I just added to the main the function cudaDeviceSynchronize after the kernel and the code works, but if i modify my code by adding a condition :

#define gpuErrchk(ans) { gpuAssert((ans), __FILE__, __LINE__); }
inline void gpuAssert(cudaError_t code, const char *file, int line, bool abort = true)
{
	if (code != cudaSuccess)
	{
		fprintf(stderr, "GPUassert: %s %s %d\n", cudaGetErrorString(code), file, line);
		if (abort) exit(code);
	}
}

__global__ void child(int index)
{
	int			tid;

	if ((tid = threadIdx.x + blockIdx.x * blockDim.x) < 1)
	{
		index > 798000 ? printf("child\ttid = %d and index = %d\n", tid, index) : 0;
	}
}

__global__ void	kernel(void)
{
	int			tid;
	//printf("father\n");
	tid = threadIdx.x + blockIdx.x * blockDim.x;
	tid > 798000 ? printf("%d\n", tid) : 0;
	child << < 1, 1 >> > (tid); 
}

int	main(void)
{
	printf("start\n");
	kernel << < 780, 1024 >> > ();
	gpuErrchk(cudaPeekAtLastError());
	gpuErrchk(cudaDeviceSynchronize());
	printf("end\n");
}

On the output i get :

GPUassert : unknown error […]path[…] kernel.cu 39

Line 39 is

cudaDeviceSynchronize();

same if i add this line after the call to child.

Edit : And I don’t know how to use cuda-memcheck on launch. I use visual studio 2013
Edit 2 : Why would there be memory error ? There isn’t any array or anything just a variable.

Robert_Crovella · September 1, 2016, 2:21pm

You’re not doing any error checking on the child kernel launch.
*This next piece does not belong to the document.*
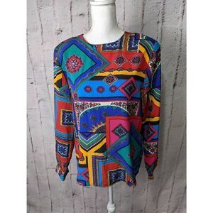 Jacqueline Ferrar Y2K Vintage Pop Art Blouse with Shoulder Pads- Size 12 L Large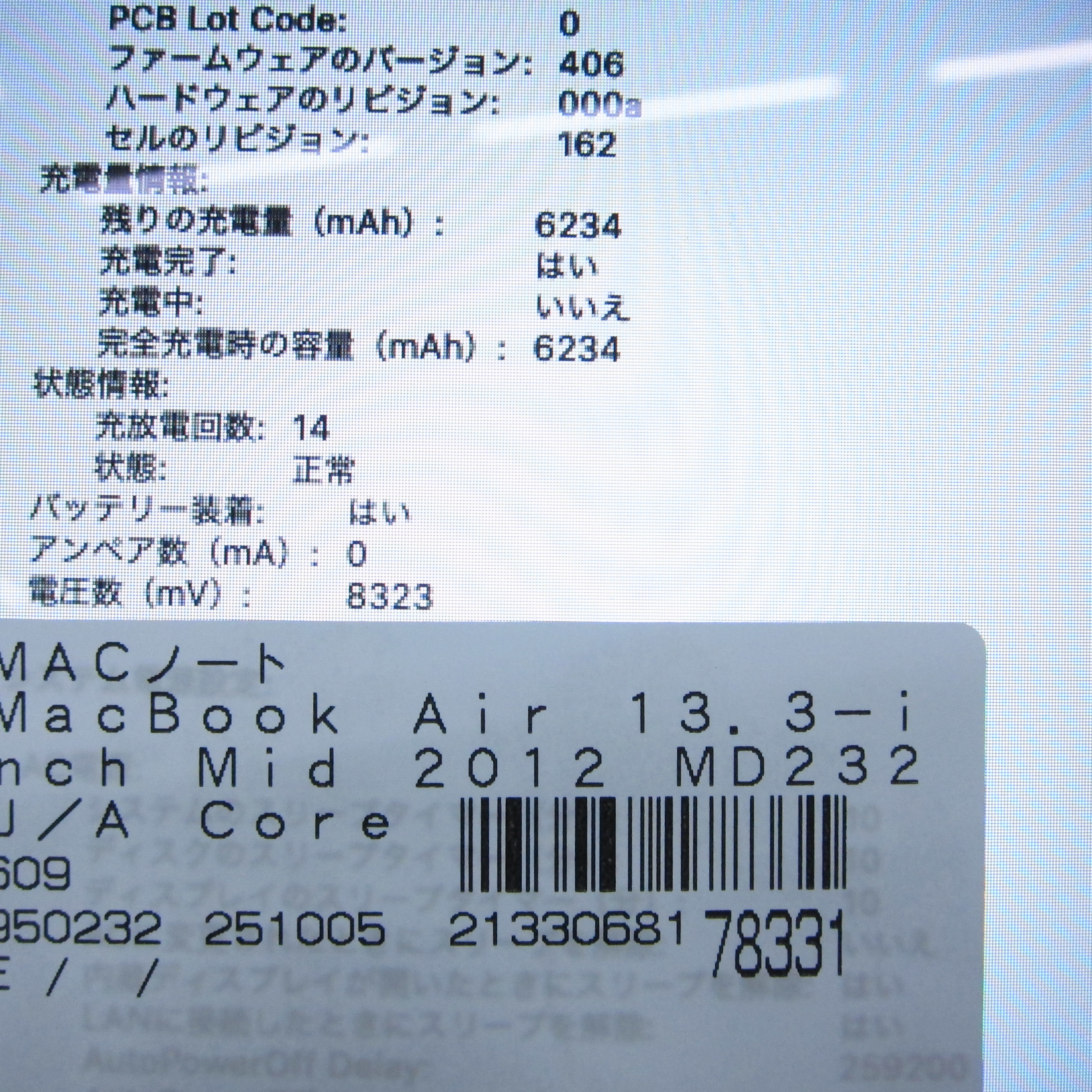 〔中古品(難あり)〕 MacBook Air 13.3-inch Mid-2012 MD232J/A Core_i7 2GHz 8GB SSD256GB 〔10.15 Catalina〕 [グラフィック:Intel HD Graphics 4000/JISキーボード]

You should do so. You can do in a similar fashion to how you do it on the host.

Note that child kernel launches have various limits. You might want to read the programming guide section on CDP (CUDA Dynamic Parallelism)

For example there is a pending launch limit. If you are hitting the pending launch limit, and you do proper error checking on the child launch, you will discover it.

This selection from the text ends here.